Some of the people who blew my mind and really influenced my life and career include Mike Tyson, Amanda, Prince, el Bulli and a legend of the Nottingham chef community, a guy called Rick Murphy – his real name is Mick Walton. He was a real rock’n’roller, drinker and night owl who, when I was a 20-, 21-year-old chef and he was 20 years older, was a real mentor and tonic to me and had answers to all I was curious about at two or three in the morning. He was making every dish simpler and simpler. He’d say things like, “I don’t use stock any more – just a little water”, and, “I don’t have to taste things, I just have to look nowadays.”
Working at Le Petit Blanc [Raymond Blanc’s restaurant chain, which closed in 2003] was a very hard, busy period. I’d just got married and come back from St Lucia and moved into a B&B in Oxford. Monsieur Blanc was a brilliant character who can still inspire a whole team. I remember one evening, say 11pm, he came into the kitchen to show us how to make his mum’s famous crepes. Then he stopped and said, “Let’s have an arm wrestle.” I remember him looking at me after a couple of attempts arm-wrestling the other chefs, and he decided it wasn’t the best idea and so feigned an injury and went off into the night.
I have eaten all over the world with Heston Blumenthal and he’s the perfect companion because of his encyclopaedic knowledge on all matters of food and drink. I cannot share a lot of the stories with you, unfortunately.
Amanda and I didn’t have kids but we have rabbits.
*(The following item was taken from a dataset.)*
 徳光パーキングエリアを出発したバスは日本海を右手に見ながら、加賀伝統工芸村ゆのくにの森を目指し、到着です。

We started with rabbits when I bought her a small black one I call Tyson, after the boxer, who blew my mind. Amanda burst into tears when she first saw it. Rabbits are part of our life and of the restaurant. They could run around the garden when the guests were having drinks in the summer. It’s just something beautiful.
Amanda’s suggestion of a four-day week at Sat Bains restaurant improved everything. We had time to breathe. The staff came in happy and revitalised after having Sunday, Monday and Tuesday to take care of other things. There was no sense of burden. They could even put their feet up if they wanted to.
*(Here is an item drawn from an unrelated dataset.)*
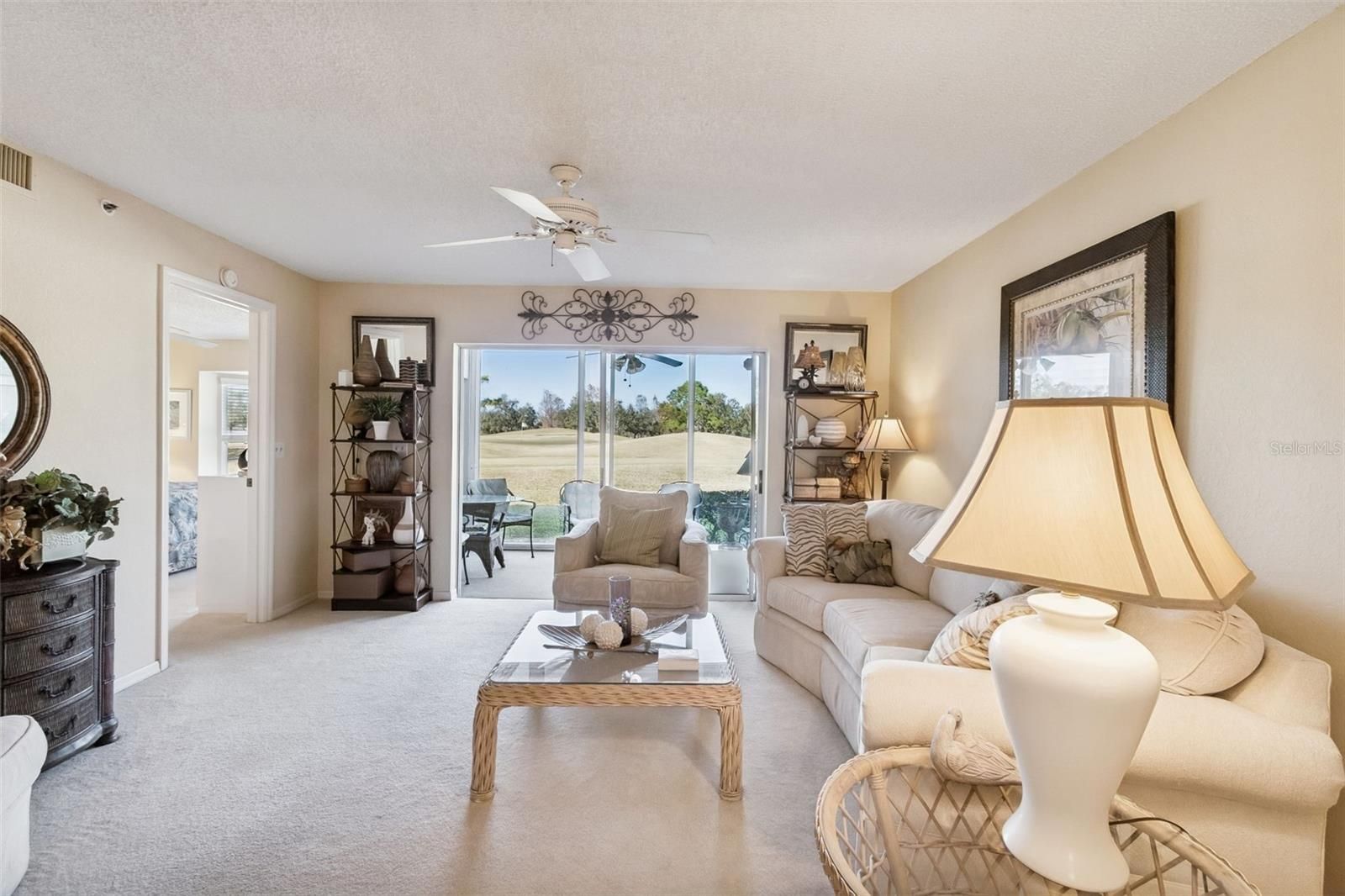 GOLFER’S PARADISE: Turnkey Luxury at Tara Golf & Country Club Experience the pinnacle of Florida living in this meticulously maintained first-floor end unit, situated within the prestigious Tara Golf and Country Club. Offered fully furnished and in pristine "turnkey" condition, this home reflects a true pride of ownership. The versatile floor plan features two spacious bedrooms and two full bathrooms, complemented by a private den that serves perfectly as a third bedroom or home office. At the heart of the home, the eat-in kitchen boasts solid wood cabinetry and granite countertops, opening directly to the front screened porch for breezy morning coffee breaks. The kitchen overlooks an expansive living and dining combination, creating a seamless flow for entertaining that extends out to the rear glass-enclosed lanai with breathtaking views of the manicured golf course grounds. The primary suite is a true retreat, offering "his and hers" walk-in closets that lead to a private en suite bathroom with a walk-in shower. The second bedroom is equally generous in size, positioned just steps from the second full bath and convenient laundry closet. This property is built for peace of mind, featuring a newer roof (2021), fresh exterior paint (2019), and a newly repaved drive (2024). Ideally located in Flood Zone "X," the unit also includes water, sewer, trash, cable TV, and high-speed internet within the association fees. Ownership includes a deeded Class "A" equity golf membership, providing an unparalleled social and active lifestyle. Residents enjoy full access to the championship golf course, practice facilities, and golf cart rentals, as well as the clubhouse restaurant, snack bar, fitness center, and card rooms. The amenities continue with a swimming pool, Jacuzzi, steam room, tennis, and brand-new pickleball courts arriving in 2025. Financial considerations include an annual membership fee of $6,571.44 ($547.62 monthly), a $720 annual food minimum, and a one-time resale capital contribution of $6,571.44 due at closing. Additional costs include the quarterly HOA fee of $1,750.44 and a Tara Master Association annual fee of $1,170.81. This is a rare opportunity to secure a move-in-ready lifestyle in one of the area’s most coveted communities—a true must-see! *All personal items to be removed by owner before closing* *Photos of TGCC provided by TGCC* The co-listing agent is related to the seller. ALL MEASUREMENTS, ASSOCIATION INFORMATION, AND OTHER DETAILS ARE BELIEVED TO BE CORRECT; HOWEVER, ALL INFORMATION NEEDS TO BE CONFIRMED BY THE BUYER AND THEIR AGENT.

The most I’ve ever spent on a meal is probably in Paris at L’Ambroisie, with [fellow two-Michelin star chef] Claude Bosi. The bill can go anywhere from £700 to £1,000. Each. I have no problem with that, because it’s my thing. What’s joyous is sitting, ordering champagne, looking at the menu, asking each other, ”What are you having?” until you’re giddy with excitement. Three or four hours later you’ve had a phenomenal experience.
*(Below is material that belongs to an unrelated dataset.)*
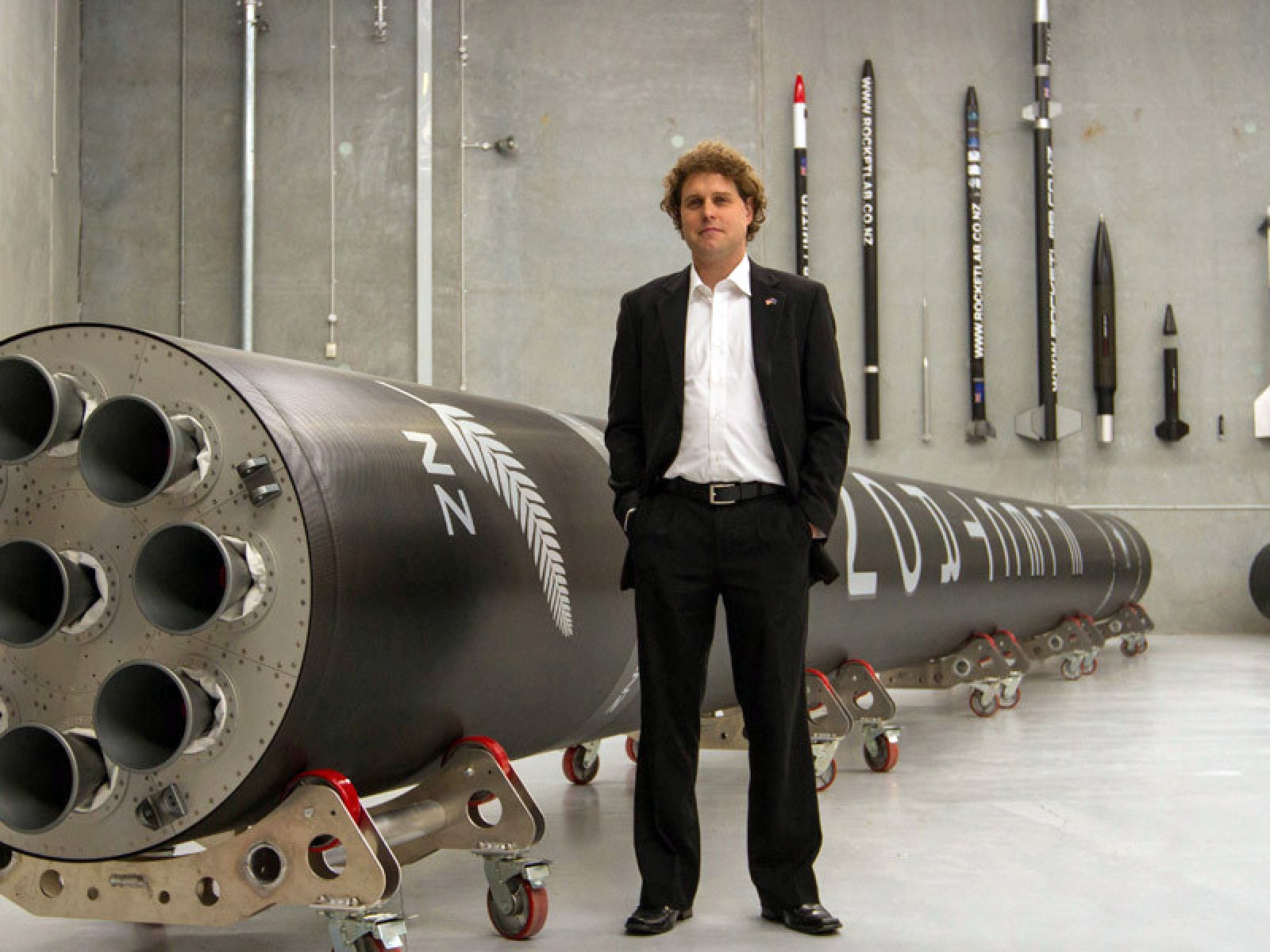 Peter Beck with an orbital class Electron rocket. | Credit: Rocket Lab

One very rude, obnoxious diner had turned up really drunk in a taxi from Sheffield. Eventually he said, “I’ve got no money on me,” and he was yabbering on to other guests who were there having a nice, joyous, celebratory time. So I asked a waiter to invite him into the kitchen, then we told him to fuck off and threw him out of the back door. I don’t know, or care, how he got back to Sheffield. Everyone was very happy he’d gone.
My favourite things
Japanese food, for its culture and craftsmanship – the highest, the most reverential. For one guy to make soba [buckwheat flour] noodles happily for 30 years – and that’s all he’ll ever do – now, that’s content.
Whisky and an old bordeaux or burgundy that smells like death and rot.
I love the L’Ambroisie in Paris for its classical romance and decadence.
Dish to eat
My partner Amanda makes a killer version of Lorraine Pascale’s pork and pear roast.